Heart Valve Research at UNC
UNC Valve Team Investigates the Impact of Atrial Fibrillation on Outcomes after Transcatheter Mitral Valve Repair from STS/TVT NCDR Registry
Dr. John Paul Vavalle (Director, Structural Heart Disease)
and Dr. Sameer Arora (research fellow with cardiology) will be working with the coordinators of Transcatheter Valve Therapy registry at Duke Clinical Research Institute to investigate the impact of atrial fibrillation on outcomes after transcatheter mitral valve repair (TMVR). TMVR has emerged as a treatment option for severe symptomatic patients with chronic severe primary mitral regurgitation who are not surgical candidates.” Dr. Vavalle has been treating patients with this ground-breaking treatment at UNC since initiating the structural heart disease program in 2014. Atrial fibrillation is known to be present in almost half of patients with degenerative mitral regurgitation at 10 years. If atrial fibrillation is found to have worse impact on TMVR, they will advocate for adjunctive concurrent treatment of atrial fibrillation in patients undergoing TMVR. Dr. Arora presented preliminary results at American College of Cardiology Scientific Sessions in Orlando, Florida in March 2018. In addition to collaborating with the Duke Clinical Research Institute on this project, UNC collaborators include Cassandra Ramm, MSN, AGNP and Matthew Cavender, MD, MPH.

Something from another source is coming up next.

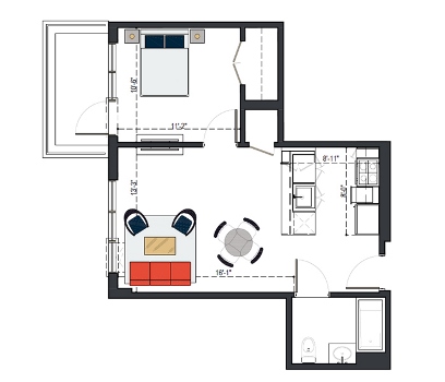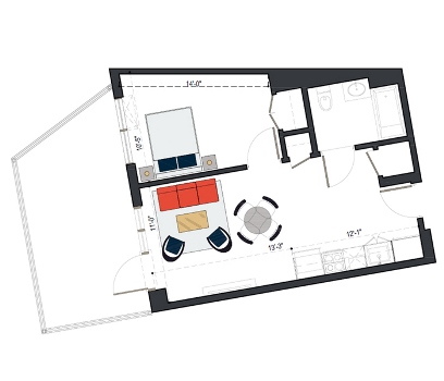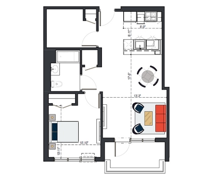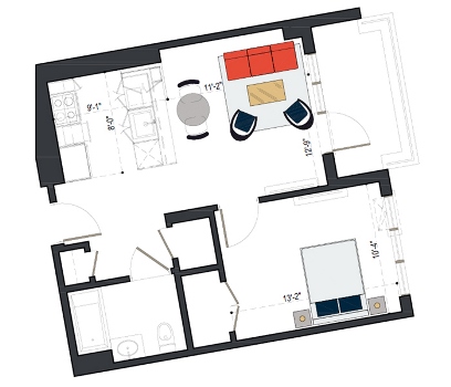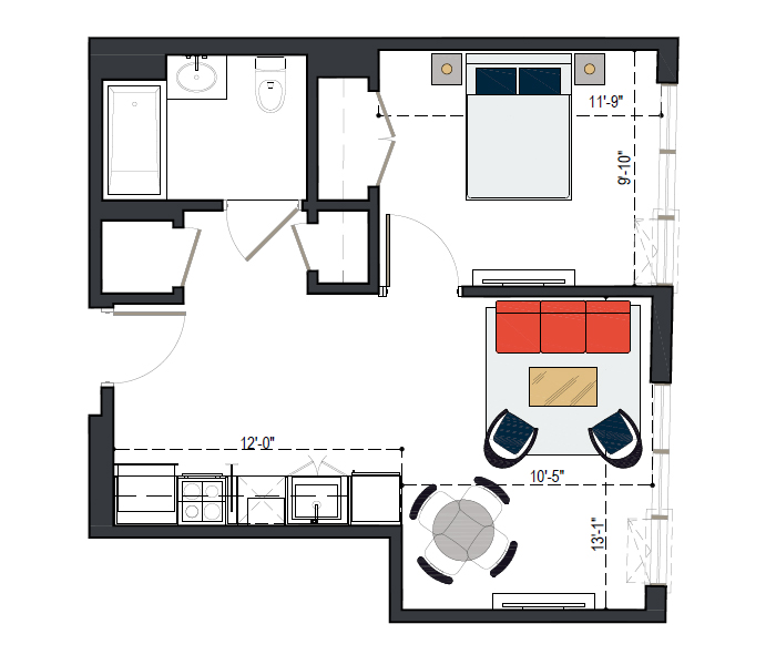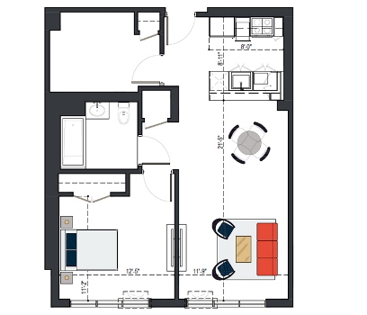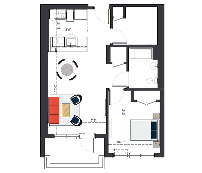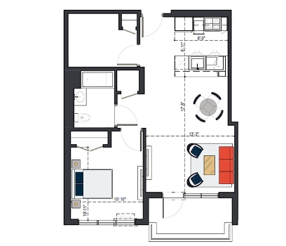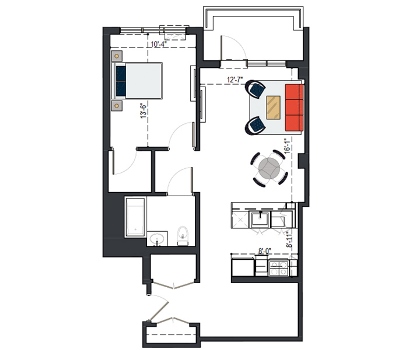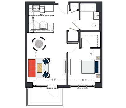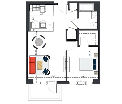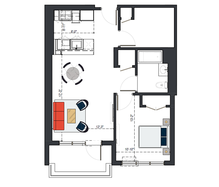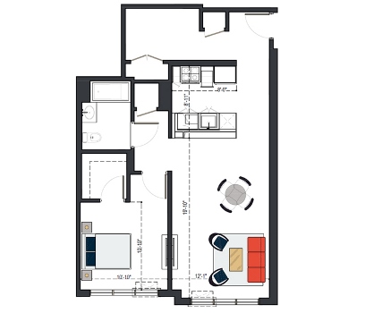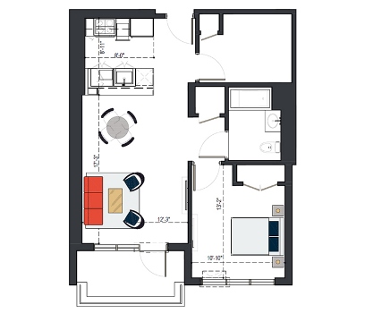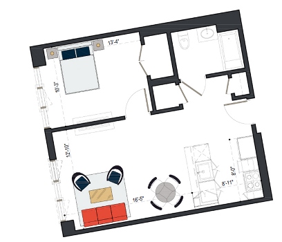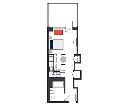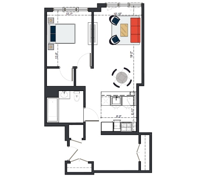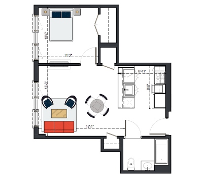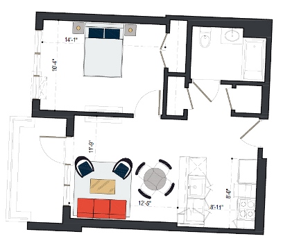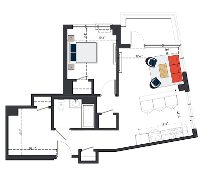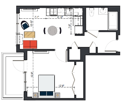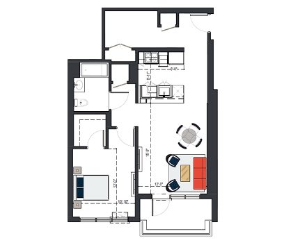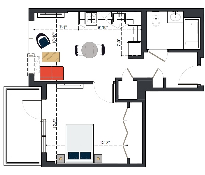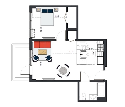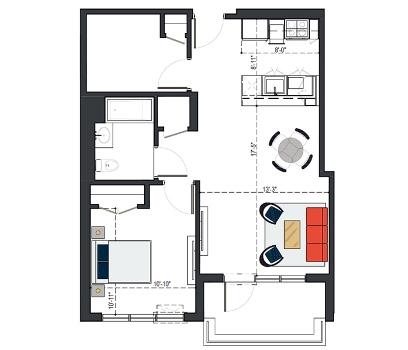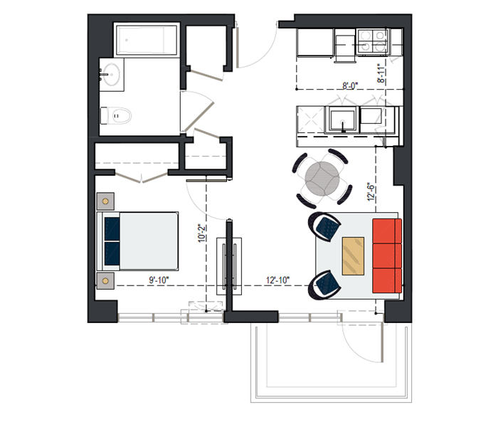 8th Floor, 1 Bed, 569 SF

Research into Outcomes of Transcatheter Aortic Valve Replacement
Led by Dr. John Vavalle, the UNC Heart Valve team has been prolific with numerous peer-reviewed publications focused on transcatheter aortic valve replacement (TAVR). This includes multiple meta-analyses focused on comparing TAVR with surgery. Their published work has been crucial in advancing the technology of TAVR which is now approved for intermediate surgical-risk patients with ongoing trials to investigate TAVR in low-surgical-risk patients. With growing recognition in the field of TAVR, the UNC heart valve team has written numerous invited editorials and review articles. They also addressed concerns about longevity of TAVR valves in an important work focusing on durability of TAVR valves published in The American Journal of Cardiology. As it becomes difficult to differentiate TAVR from surgery on the basis of mortality alone, they are now focusing on comparing the resource utilization between the two interventions. Their aim is to continue their efforts in the field of TAVR to help expand this technology to all patients with severe aortic stenosis. Collaborators on these project included Cassandra Ramm, MSN, AGNP, Thomas Caranasos, MD and Matthew Cavender, MD, MPH.